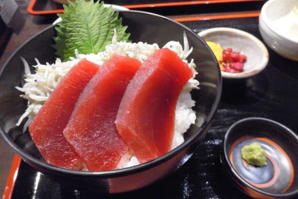 ランチは鮪とシラスの二色丼、それに三崎の鮪丼。
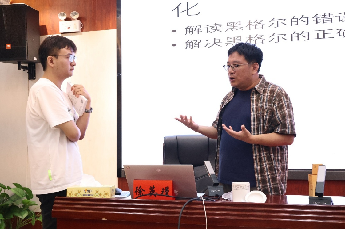 针对“黑格尔的意识理论的分析哲学化”,徐英瑾教授突破传统哲学史叙事框架,借鉴其他学者对黑格尔“先验怀疑论”的批判性解读,提出以分析哲学的语言逻辑重构黑格尔的“精神现象学”体系。他指出,黑格尔对意识辩证运动的阐释与当代认知科学的 “具身认知”理论存在深层共鸣,为理解人类自我认知的动态生成提供了跨时代的理论资源。这一视角的转换激发了学员对经典哲学现代性转化的热烈讨论。
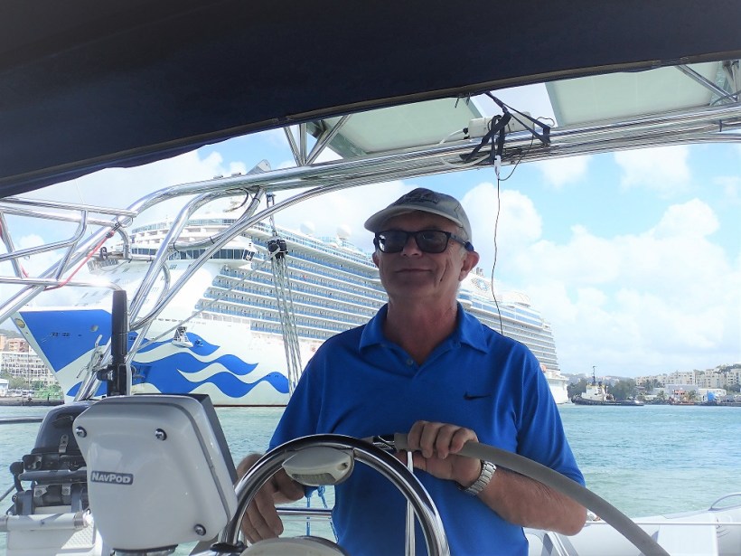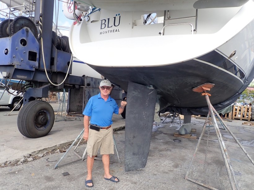 Même si notre séjour au chantier de Careneantilles à Fort de France n’était pas des plus exotiques, le personnel a été attentif à nos demandes, particulièrement Claude, opérateur de gru. D’une main de maître, il a en effet initialement sorti BLÜ de l’eau, procédé à son levage en prenant soin de positionner l’arrière du bateau au-dessus de la rampe de mise à l’eau à trois reprises afin que nous puissions enlever le safran, le poser pour un essai une fois réparé et ensuite pour l’installation finale. Aujourd’hui, c’était la mise à l’eau. Sa bonne humeur et ses encouragements nous ont été précieux. Quant à Jimmy, il nous a aidés à enlever le safran et pour l’installation finale.

○ ○ ○ ○ ○ ○ ○

Task directions:
Leaving out only the pictures, reproduce the listing exactly.

Exercise response:
 ランチは鮪とシラスの二色丼、それに三崎の鮪丼。
 针对“黑格尔的意识理论的分析哲学化”,徐英瑾教授突破传统哲学史叙事框架,借鉴其他学者对黑格尔“先验怀疑论”的批判性解读,提出以分析哲学的语言逻辑重构黑格尔的“精神现象学”体系。他指出,黑格尔对意识辩证运动的阐释与当代认知科学的 “具身认知”理论存在深层共鸣,为理解人类自我认知的动态生成提供了跨时代的理论资源。这一视角的转换激发了学员对经典哲学现代性转化的热烈讨论。
 Même si notre séjour au chantier de Careneantilles à Fort de France n’était pas des plus exotiques, le personnel a été attentif à nos demandes, particulièrement Claude, opérateur de gru. D’une main de maître, il a en effet initialement sorti BLÜ de l’eau, procédé à son levage en prenant soin de positionner l’arrière du bateau au-dessus de la rampe de mise à l’eau à trois reprises afin que nous puissions enlever le safran, le poser pour un essai une fois réparé et ensuite pour l’installation finale. Aujourd’hui, c’était la mise à l’eau. Sa bonne humeur et ses encouragements nous ont été précieux. Quant à Jimmy, il nous a aidés à enlever le safran et pour l’installation finale.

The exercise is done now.